Lo que se requiere es defender las normas, incluso cuando resultan inconvenientes. Un ejemplo destacado es el senador Howard Baker, de Tennessee, quien defendió el gobierno constitucional y el Estado de derecho en 1974, incluso cuando significaba oponerse al presidente Nixon de su propio Partido Republicano. Algunas cosas son más importantes que la forma habitual de hacer política.

Lo que no ayuda son los incidentes como cuando el secretario de Estado Rex Tillerson critica a Irán por sus violaciones de derechos humanos, de las cuales hay muchas, mientras guarda silencio sobre la exportación saudí del Islam militante a través de escuelas religiosas en lugares como Pakistán y Bangladesh. Ciertamente, continuar con la aplicación generalizada de esta clase de doble moral, que reduce los derechos humanos a maniobras estratégicas estatales, causará graves daños, quizás mortales, a los derechos humanos.

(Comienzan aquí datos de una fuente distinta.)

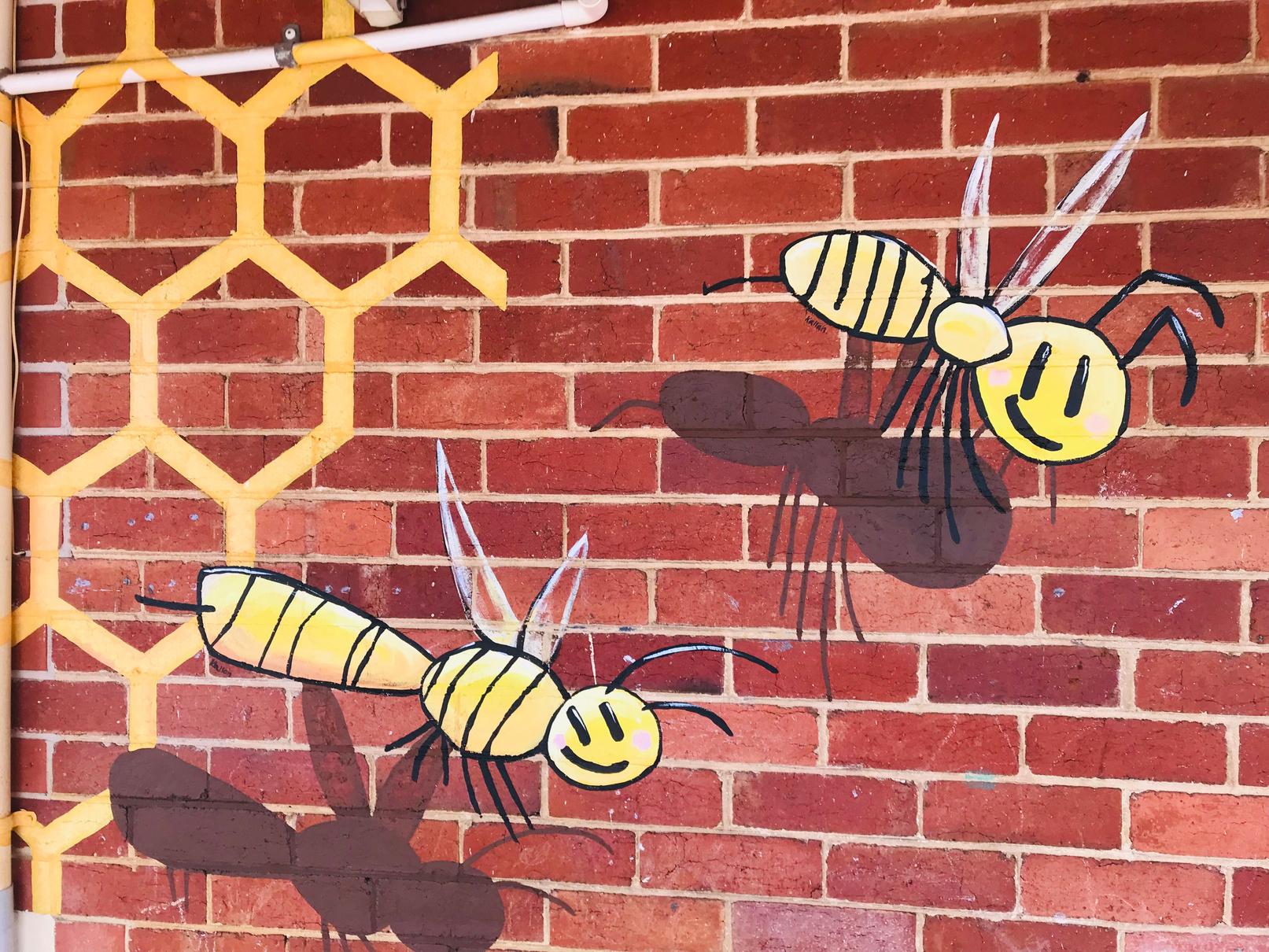 Our Pre Primary Mural is underway. Students from Pre Primary have designed giant bees which will be painted flying across the wall. Watch this space as they come to life
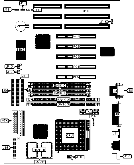 | CPU fan power | J14 | 32-bit PCI slots | PC1 - PC5 |
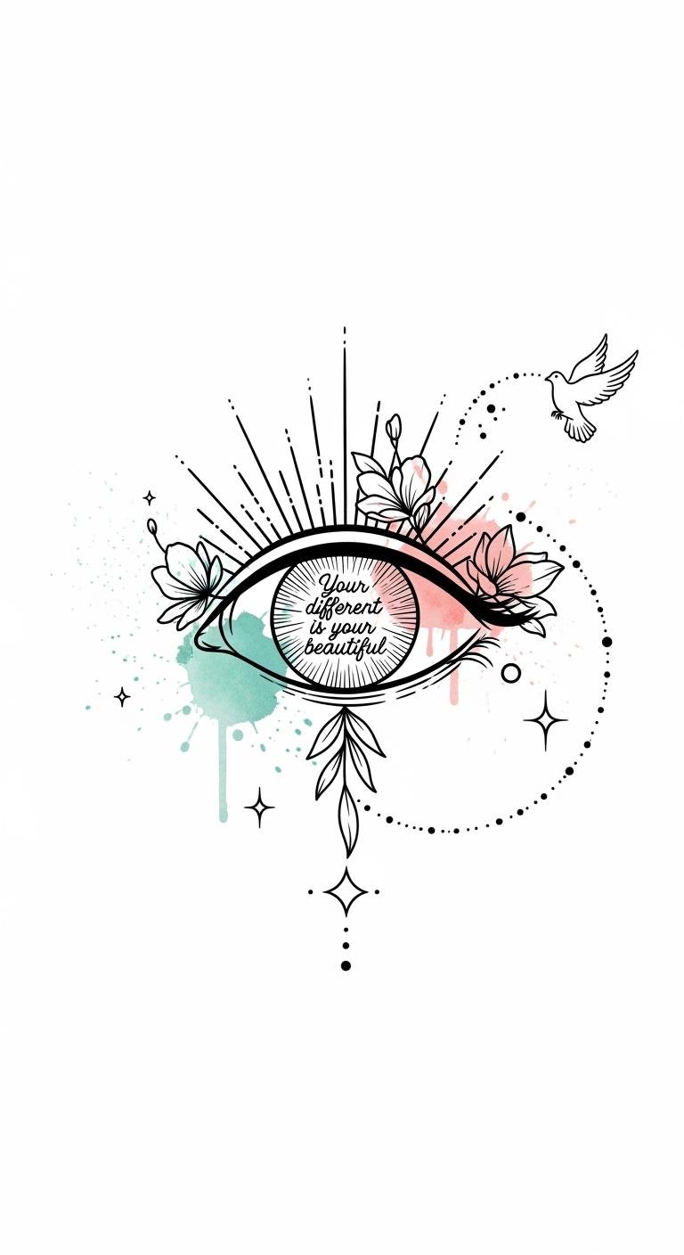 The design symbolizes self-awareness (the open eye) and the radiating integration of individuality (rays transforming into diverse flowers and geometry), while the tiny script in the iris anchors the message internally; watercolor accents add tenderness and boldness simultaneously.
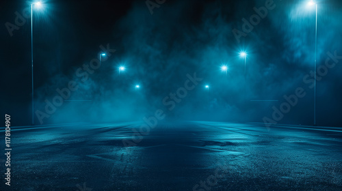 A dark, empty street with abstract blue asphalt serves as a backdrop for a studio room with neon lights, spotlights, and smoke, creating an interior texture for product displays
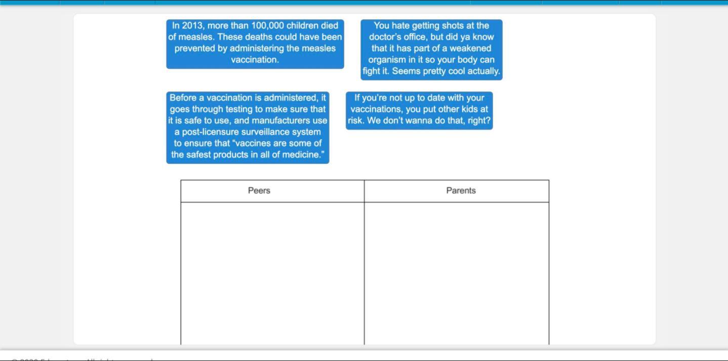 When Jacquelin is reading her essay to her peers, you will discover that she will point out the issue of how some young people hate going to the doctor's office. Most children hate being injected. Also, the second sentence under Peers shows that this part of the speech will be presented to her peers because she talks of the danger of not staying up to date with your vaccinations which may put others at risk.
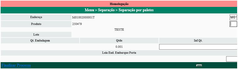 - Após a separação de todos os itens do grupo (vinculados ao palete), será solicitado a leitura do endereço de embarque da porta.
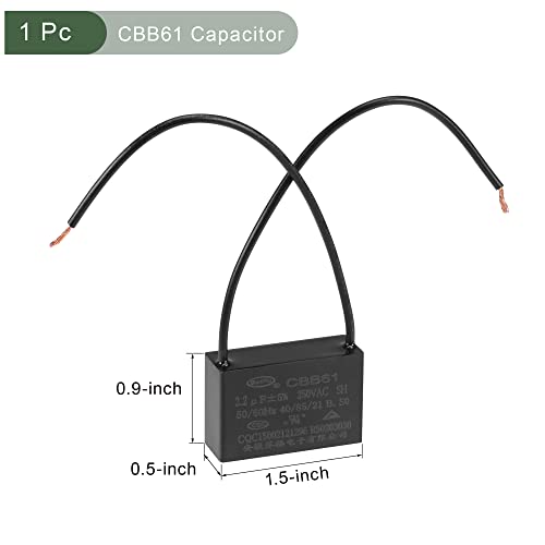 COSA SI OTTIENE - La confezione include 1pz CBB61 Condensatore con 2 fili, la tensione nominale è di 250V AC, la capacità nominale è di 2.2uF (±5%), la frequenza nominale è 50/60Hz, la categoria climatica è 40 /85/21, la lunghezza del filo è 120mm/4.7'', dimensioni calotta: 37x24x13mm/1.5x0.9x0.5''.
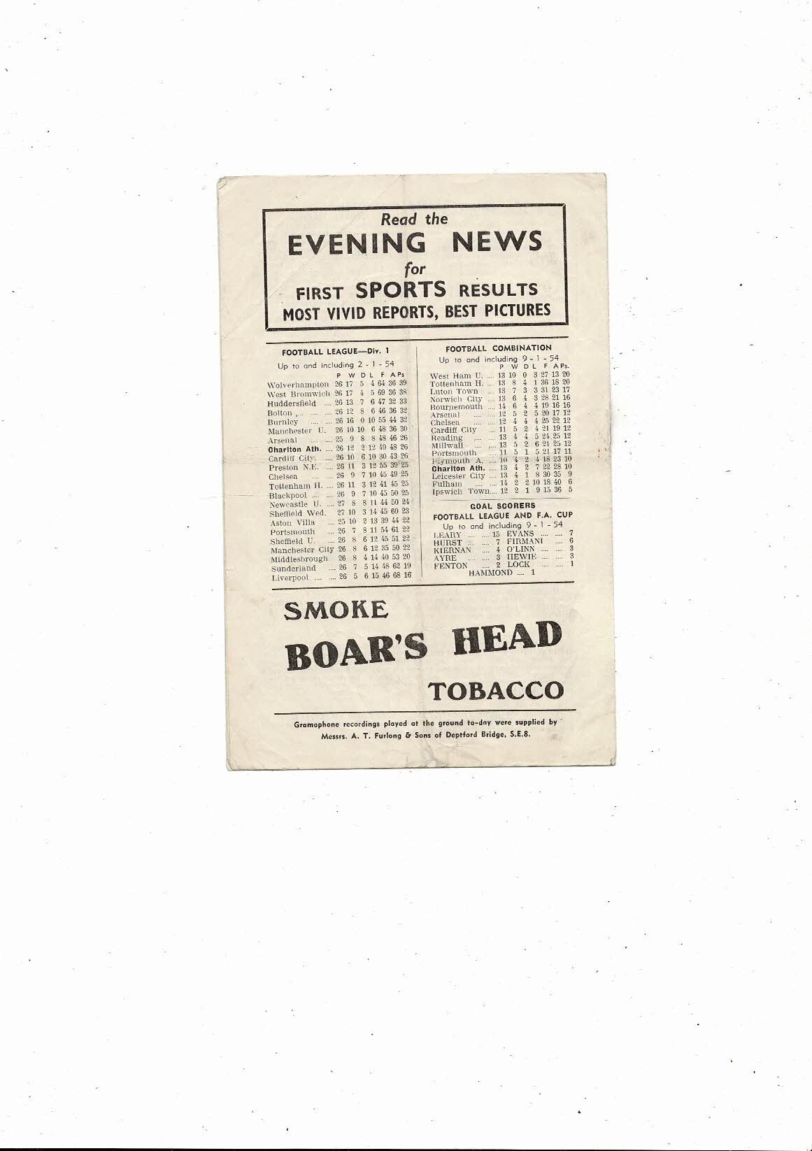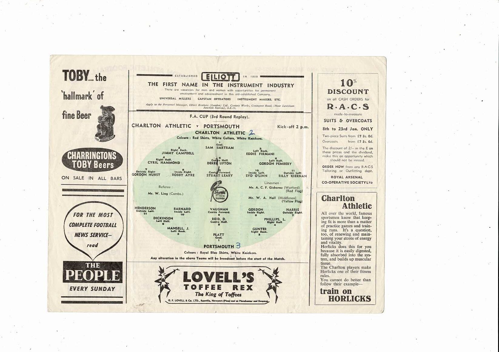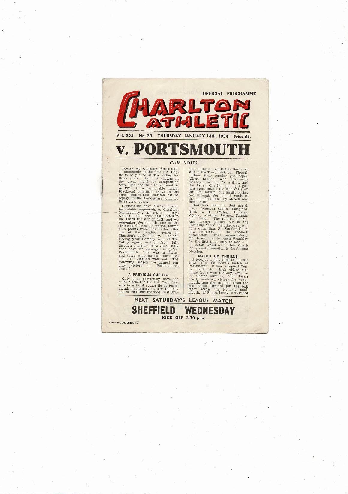 1953/54 Charlton Athletic v Portsmouth FA Cup Replay Football Programme
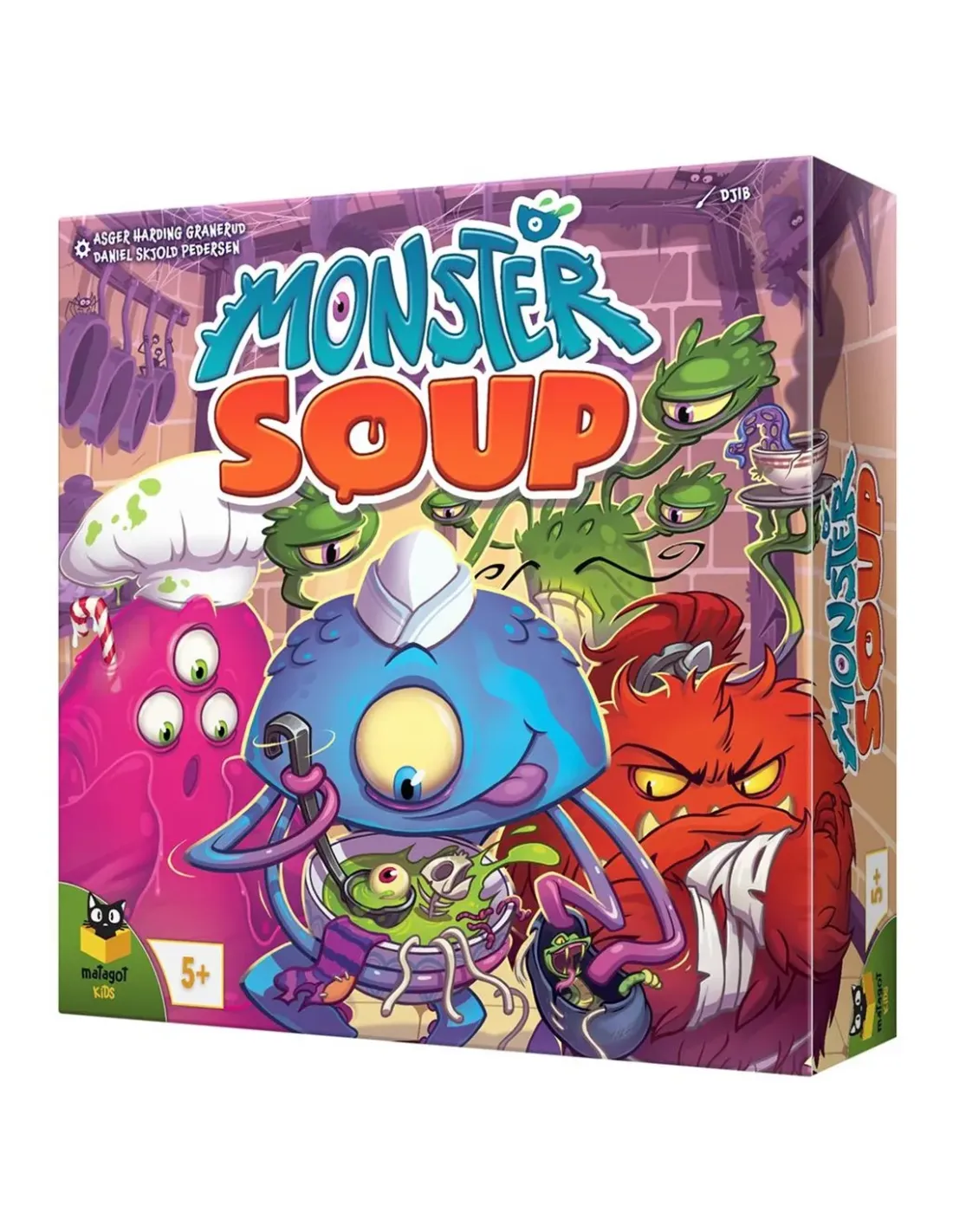 Los monstruos siempre tienen hambre y por eso nunca salen sin una bolsallena de provisiones para poder prepararse una deliciosa sopa en cualquiermomento... ¡pero tienen que encontrar los ingredientes indicados en sumonstruoso libro de recetas!1. Revela un nuevo Ingrediente para la receta.2. Encuentra los Ingredientes en tu bolsa y añádelos a tu sopa.3. Consigue cubos de Limo.CONTENIDO4 bolsas de tela4 cuencos de Sopa40 Ingredientes40 cubos de Limo10 cartas de RecetaTítulo Monster SoupFecha de lanzamiento 25/03/2022Editorial MatagotCategoría Juego de tableroColección Monster SoupIdioma EspañolEdad mínima recomendada 5 añosDuración 15'Número de jugadores 2 a 4

Las palabras de Trump sobre un boicot al Consejo de Derechos Humanos de la ONU deben causarnos menos inquietud. En primer lugar, aún no ha ocurrido. En segundo lugar, George W. Bush se retiró del Consejo y después Barack Obama eligió renovar su compromiso. En tercer lugar, Ronald Reagan se retiró temporalmente de UNESCO y eso tampoco tuvo algún efecto transformador. Con frecuencia, los republicanos modernos apaciguan a sus partidarios enfatizando lo que perciben como un tratamiento injusto de Israel, tratando de anotar puntos políticos al agredir a un organismo de la ONU.

Sin embargo, los republicanos que atacan al Consejo de Derechos Humanos de la ONU por tener una doble moral harían bien en recordar que Reagan apoyó a quienes dirigían escuadrones de la muerte en El Salvador y atacaban las estructuras civiles en Nicaragua; todo en nombre del anticomunismo. George W. Bush autorizó la tortura de sospechosos de terrorismo detenidos por la CIA y el ejército después del 11-S. En su retórica de campaña, Trump degradó a las mujeres y a los mexicanos, entre otras cosas. Hasta ahora, los tribunales han anulado su prohibición de viajar con respecto a ciertos países como evidencia de un prejuicio religioso en contra de los musulmanes. Si bien es cierto que el Consejo, conformado por Estados, exhibe prejuicios en ciertas ocasiones, los Estados Unidos no siempre tienen las manos limpias en cuestión de derechos humanos.

Ciertamente nos dirigimos hacia tiempos difíciles para los derechos humanos, y la hipocresía y la doble moral de los Estados constituyen el meollo del problema. Esperemos que, al igual que la Carta Magna, las normas de derechos humanos experimenten tiempos mejores.